Голод был нестерпимый. Поели всех лошадей, вырвали до последней травинки кислицу. Ни хлеба, ни сухарей. Иногда прорывались самолеты У-2, сбрасывали сухари в бумажных мешках и почту, а также листовки, которые вселяли в нас надежду на спасение. У меня до сих пор хранятся две такие листовки. Раненые поступали, и мы работали, как могли и чем могли.

Кончался перевязочный и хирургический материал, работать становилось нечем. Сорванные тесемки с индивидуальных пакетов расщепляли, стерилизовали и перевязывали этими нитками сосуды во время операций. Люди пухли от голода. Два санитара умерли от истощения. Раненым, кроме хвойного горячего чая, ничего не давали – нечего было дать. Сырость, холод, комары, голод изводили. Даже лечь было негде: под ногами колебалось торфяное болото – ходили, как по матрацу.
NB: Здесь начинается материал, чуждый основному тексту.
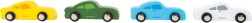 - Complete set – in de doos zitten vier houten sportautootjes.
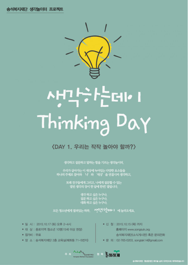 [모집] 송석복지재단 생각놀이터 프로젝트 "생각하는데이(Thinking Day)!"

День и ночь над головой с воем проносились снаряды и мины. Иногда случались разрывы совсем рядом. Например, было прямое попадание в хибарку, где располагались прокуратура и особый отдел.

Целыми днями вился над головой корректировщик, а за ним взлетали бомбардировщики или черные самолеты с белой свастикой. На бреющем полете они включали адскую сирену, от которой стыла в жилах кровь. Люди метались в ужасе, мы старались всех успокоить и завести под деревья или в шалаши. Мы ждали помощи и надеялись. День и ночь телефонист держал трубку возле уха; ждали приказа о выходе.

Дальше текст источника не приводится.